Di un pequeño asentimiento.

—Un hombre lobo zombi…

el primero de su tipo —murmuré, llena de curiosidad—.

Y…

parece que saltaste directamente al Rango 1, no al Rango 0 como los zombis ordinarios…

Interesante.

Normalmente, los zombis que creo a partir de humanos regulares necesitan tiempo y experiencia para crecer del Rango 0 al Rango 1.

Pero ella…

gracias a la fuerza física e innata magia de su raza de hombre lobo, ascendió inmediatamente dentro de la jerarquía de poder zombi.

Esto no era solo una conversión normal, era una evolución instantánea.

Me acerqué a ella lentamente.

Aunque ya no podía hablar y su mente parecía vacía, yo como su maestra compartía un vínculo instintivo con ella.

Una especie de atadura espiritual formada durante la transformación.

Y quería probarlo.

—Sé que no puedes hablar, pero…

¿aún puedes recordar algo de tu vida anterior?

Miré en sus ojos vacíos.

—¿Quién está detrás de todo esto?

Dejó escapar un gruñido grave y gutural.

Pero extrañamente, yo podía…

entenderla.

No a través de palabras, sino como un vago flujo de información que llegaba directamente a mi mente, un recuerdo nebuloso, pero lo suficientemente claro para captarlo a través del vínculo que ahora compartíamos.

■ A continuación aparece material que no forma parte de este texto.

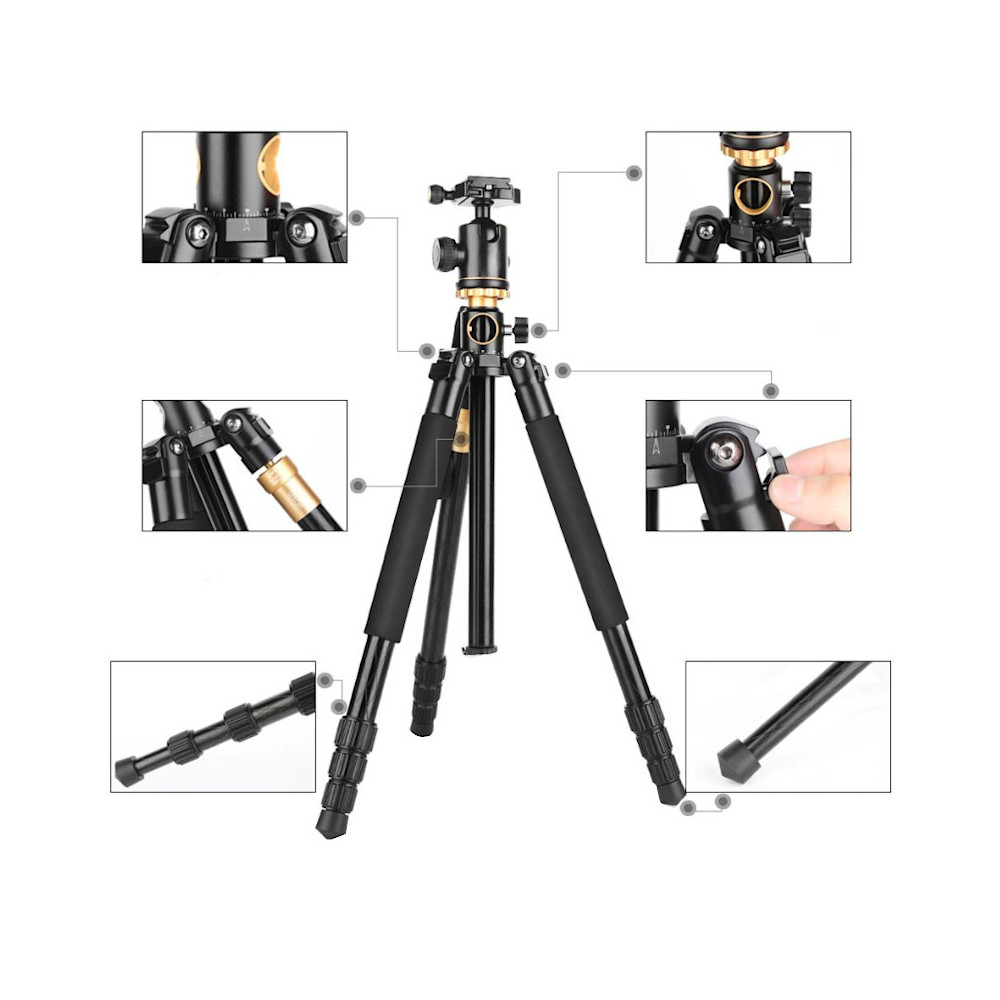 Všestranný fotostativ MTY999H s maximální výškou 156 cm s kulovou hlavou. Zlomený středový sloupek lze namontovat vodorovně nebo naopak, což vám umožní pořizovat ploché fotografie a záběry z velmi nízké perspektivy. Nohy stativu se skládají na druhou stranu, což usnadňuje přenášení. Jeden z nich lze odšroubovat a použít jako monopod. Nosnost do 8 kg.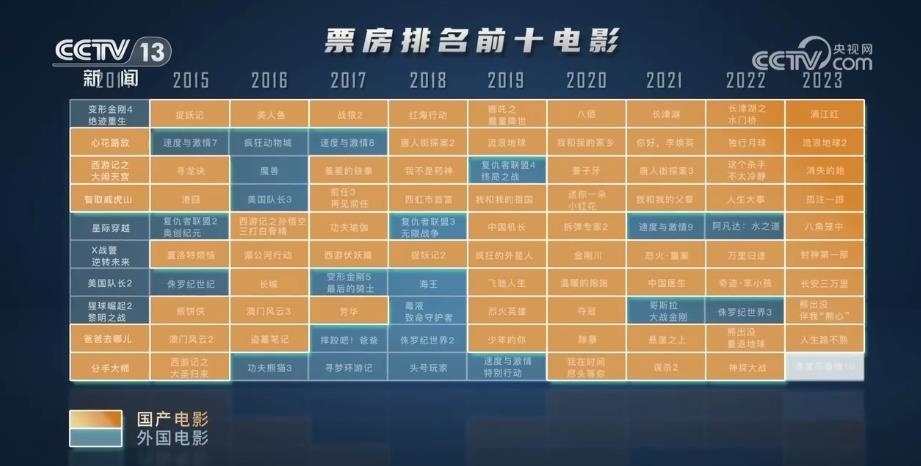 央視網(wǎng)消息:國(guó)家電影局最新發(fā)布統(tǒng)計(jì)數(shù)據(jù)顯示,2023年暑期檔電影票房已達(dá)178億元,超過2019年暑期檔總票房,創(chuàng)歷史新高。是什么點(diǎn)燃了觀眾對(duì)電影的熱情? 通過對(duì)近10年票房前10名的電影片尾字幕提取,用數(shù)據(jù)洞察國(guó)產(chǎn)電影的發(fā)展。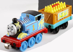 A 2 Pack including a durable die-cast engine and cargo car right from Thomas & Friends. Thomas has to pull fizzy lemonade but as he bumps and hurries along, the caps go "POP" and spill lemonade all over Thomas. Relive this adventure at home with a die-cast metal Thomas with spilled lemonade deco and a cargo car of lemonade containers. Connects either way to Take-n-Play die-cast vehicles. Collect them all.

Una figura con una capa negra.

Un rostro ya no cubierto de piel, solo un cráneo blanco brillando con ojos mágicos azules.

Y la palabra que surgió en ese recuerdo me hizo fruncir el ceño.

—…Un liche.

No cualquier liche.

Uno conocido.

—Así que, antes de convertirse en un liche…

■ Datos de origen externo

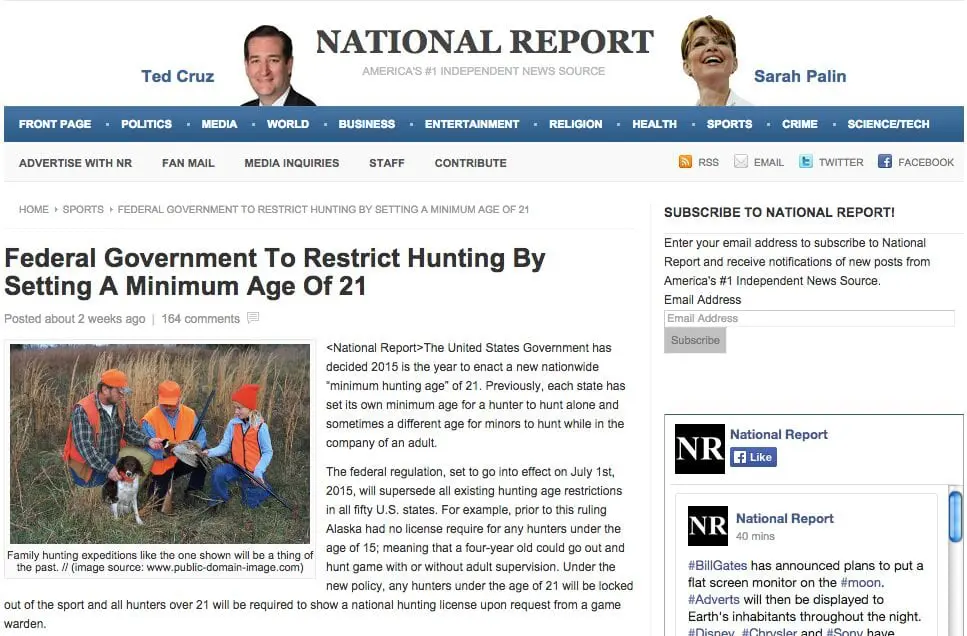 According to the debunking website Snopes.com, “the National Report article was presented like an authentic news story: It used a fabricated quote from U.S. Fish and Wildlife Service spokesman Gregory Pearson (who is not a real person) and cited a petition from the NRA (which does not exist). But since the writing resembled a professional news piece, many readers believed that it was true, and within a few days of its publication thousands of people had shared it on Facebook.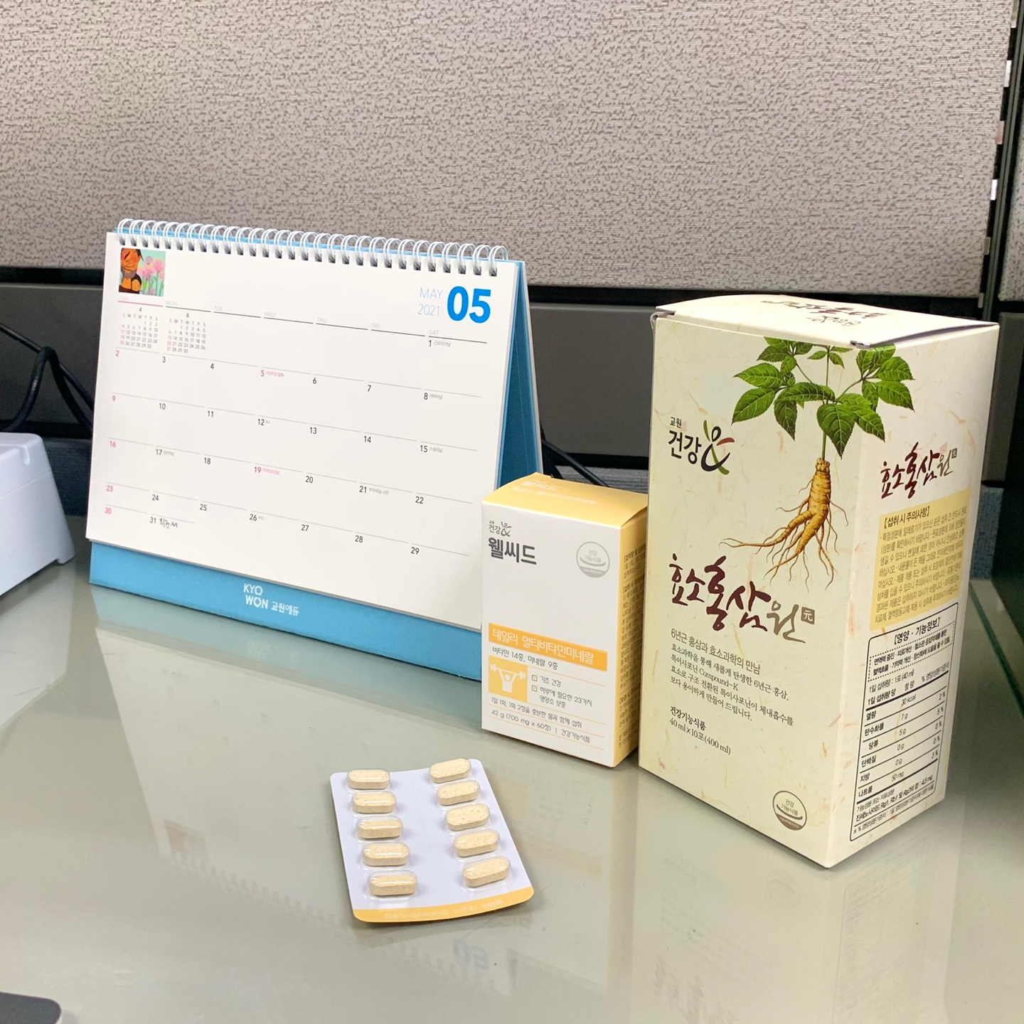 양치 후에는 [더오름 데일리 멀티비타민]과 [효소홍삼원]을 챙겨 먹으며 오후 업무를 위한 활력을 찾습니다.

era un mago del Imperio Humano…

—susurré, entrecerrando los ojos—.

Qué interesante…

El viento nocturno comenzó a soplar con más fuerza, como si reaccionara a esta revelación.

Permanecí inmóvil por un momento, dejando que la información se asentara en mis pensamientos.

Esto ya no era solo un intento de secuestro al azar.

Era una conspiración mucho mayor que involucraba a una poderosa figura que hacía tiempo había abandonado su humanidad y se había infiltrado en la estructura misma de instituciones como el gremio de aventureros aquí.